A special focus of my research is the biology of subjective experience – particularly of affective “background” phenomena.
In 2013, we postulated a dimension of “phenomenal depth”: a structural feature of experience that indicates one’s “embeddedness”. On the one hand, it is thought to capture feelings of unrealness and detachment from self and world as they are part of the normal experiential spectrum but are chronically altered in psychopathology, most notably in depersonalization-derealization disorder (DPD). During my PhD, I investigated self-related and emotional processes in patients with DPD using f/MRI. We found volumetric changes and altered white-matter connectivity in patients with DPD.
We also extended the spectrum towards feelings of realness in artificial or virtual environments – where they are associated with the concepts of presence and immersion. In healthy participants, we found that movies in 3D were more strongly experienced than in 2D – especially for people with higher tendency of immersion (top row). Using fMRI and canonical correlation analysis, we found that movies in 3D also increased the similarity of brain activation between viewers compared to the same movies in 2D (the peaks of the two strongest brain networks in the middle row) and from the degree of similarity, we could decode if a movie was shown in 3D or 2D and if a movie was experienced more or less strongly (bottom row).

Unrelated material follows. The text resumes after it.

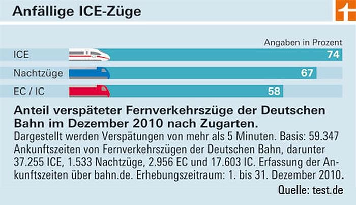 Als verspätet gelten Züge, wenn sie ihrem Fahrplan mehr als fünf Minuten hinterherfahren. Für umsteigende Reisende reichen oft schon wenige Verspätungsminuten, um den Anschlusszug zu verpassen. Frühere Untersuchungen der Stiftung Warentest zeigten, dass vor allem Regionalzüge häufig nicht auf unpünktliche Fernzüge warten. Wer deswegen zu spät ankommt, hat zusätzliches Pech: Entschädigungen zahlt die Bahn erst bei Verspätungen ab einer Stunde.Anfällige ICE-Züge

As immersive VR is impossible in the MRI environment because subjects cannot move their heads, we’re currently combining mobile brain imaging techniques like EEG or fNIRS (and peripheral physiological measures) with VR head-mounted displays for example to investigate emotional arousal.
In the newly started NEUROHUM project, we continue this line of research together with the Fraunhofer HHI to increase the realness of virtual humans using psychophysiological results.